Wednesday, November 19, 2014

Under Obama, U.S. personal freedom ranking slips below France

11/19/2014


Americans' assessments of their personal freedom have significantly declined under President Obama, according to a new study from the Legatum Institute in London, and the United States now ranks below 20 other countries on this measure.
The research shows that citizens of countries including France, Uruguay, and Costa Rica now feel that they enjoy more personal freedom than Americans.
As the Washington Examiner reported this morning, representatives of the Legatum Institute are in the U.S. this week to promote the sixth edition of their Prosperity Index. The index aims to measure aspects of prosperity that typical gross domestic product measurements don’t include, such as entrepreneurship and opportunity, education, and social capital.
The freedom scores are based on polling data from 2013 indicating citizens’ satisfaction with their nation's handling of civil liberties, freedom of choice, tolerance of ethnic minorities, and tolerance of immigrants.

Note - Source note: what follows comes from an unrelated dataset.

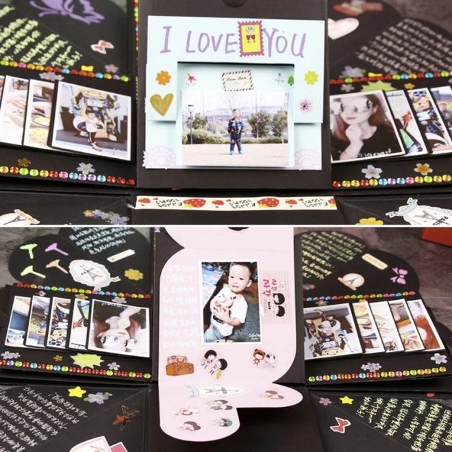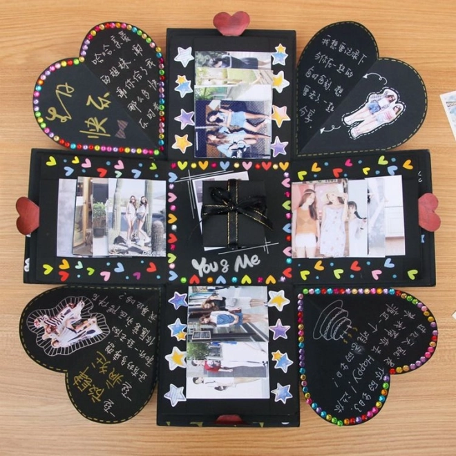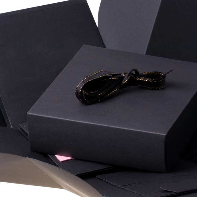 Verras je dierbaren met een uniek cadeau in de vorm van een zwarte explosie cadeauverpakking. Deze doos is een perfecte verrassing voor een bruiloft, Valentijnsdag, verloving, verjaardag of elke andere feestelijke gelegenheid. In het kleinste doosje kun je een sieraad, horloge of een ander klein geschenk plaatsen. Versier de binnenkant met foto’s, groeten of wat je maar bedenkt, en maak van dit cadeau iets onvergetelijks.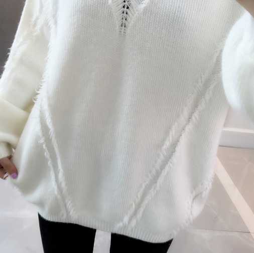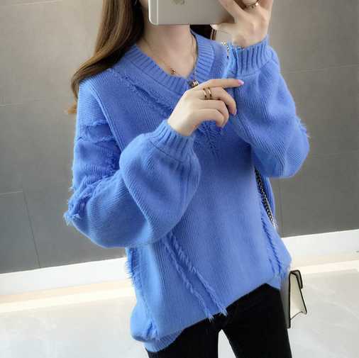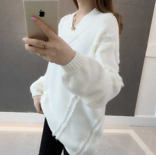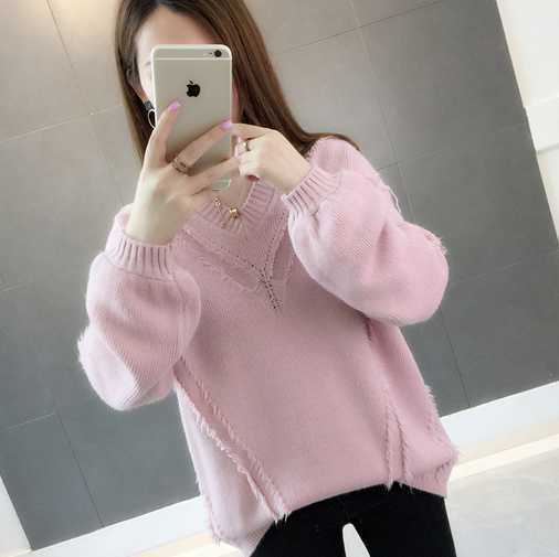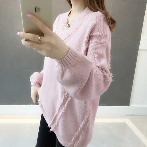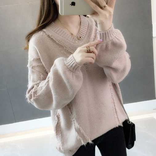 《入荷待ち》全4色 Vネック ルーズセーター ニット 長袖 ランタンスリーブ パフスリーブ ゆるふわ カジュアル フェミニン 大人かわいい 秋 春 レディース

Polling data were provided by Gallup World Poll Service. The index is notable for the way it measures how free people feel, unlike other freedom indices that measure freedom by comparing government policies.
“This is not a good report for Obama,” Legatum Institute spokeswoman Cristina Odone told the Washington Examiner.

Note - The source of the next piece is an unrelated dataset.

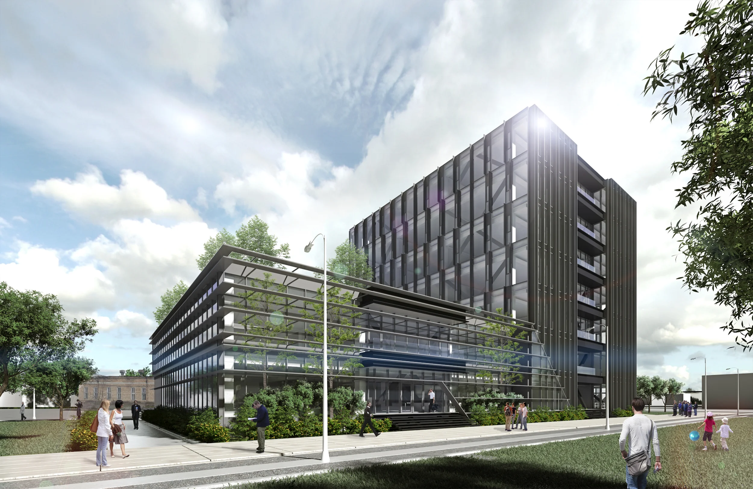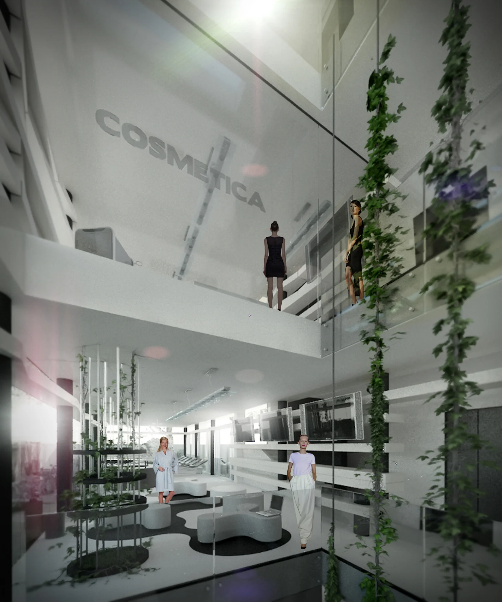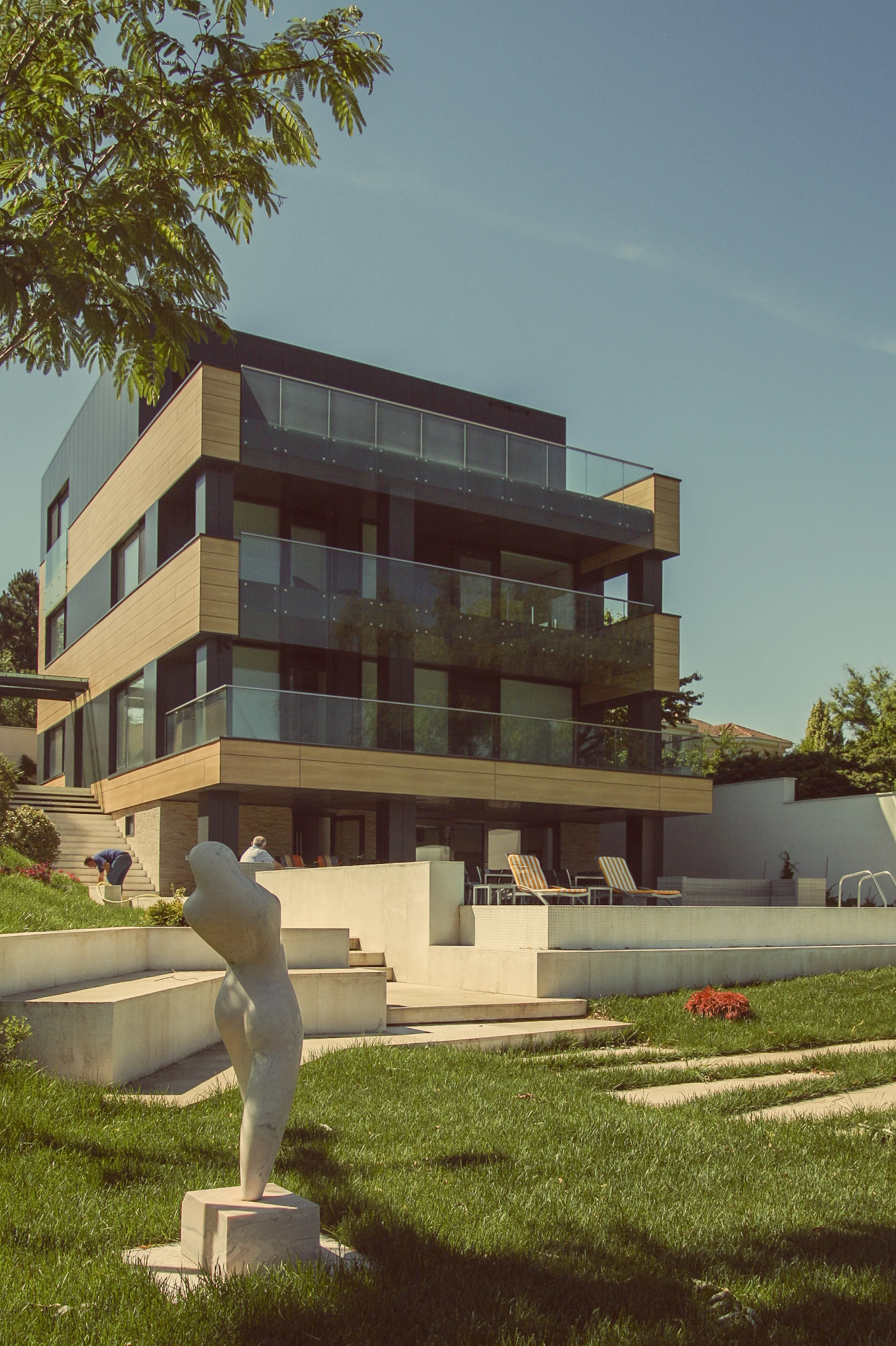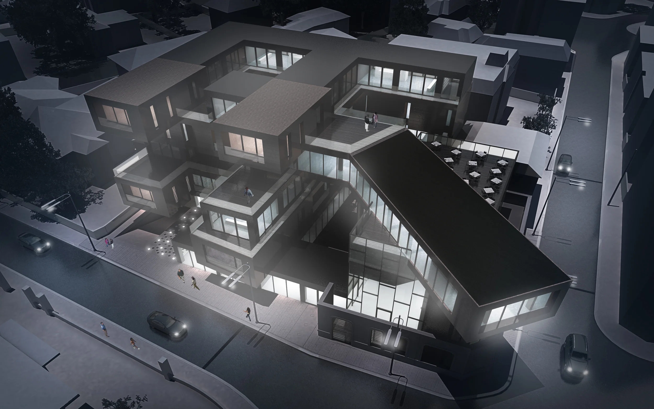 The program of block 1 is offices and its volume is a pure prism - the main compositional element is the horizontal stripes of windows which are a quote of modernist principles. The lateral facades are almost blind with small openings and hanging balconies for smokers, which allow panoramic views.

In the 2010 report (which relied on data gathered in 2009), the U.S. was ranked ninth in personal freedom, but that ranking has since fallen to 21st, with several countries, including France, Germany and the United Kingdom passing the U.S.
The nation’s overall personal freedom score has declined by 17 percent since 2009, with a 22 percent drop in combined civil liberty and free choice contributing to that decline.
Of the eight categories in the index, personal freedom was America's second lowest performance relative to other countries. The U.S. had its lowest ranking when it came to safety and security (a broad measure of how threatened citizens feel in instances such as walking late at night, or expressing their opinions) — ranking 31st out of 142 countries.
The cross-country comparisons in the index should be taken with a grain of salt. The perception of what freedom means in New Zealand, which has the highest personal freedom ranking, may vary from how Americans measure their own personal freedom. But regardless of how the U.S. compares to other countries, there is no denying that Americans felt less free in 2013 after four more years of Obama’s presidency. And so now he faces the embarrassment of being the president that made Americans feel less free than the French.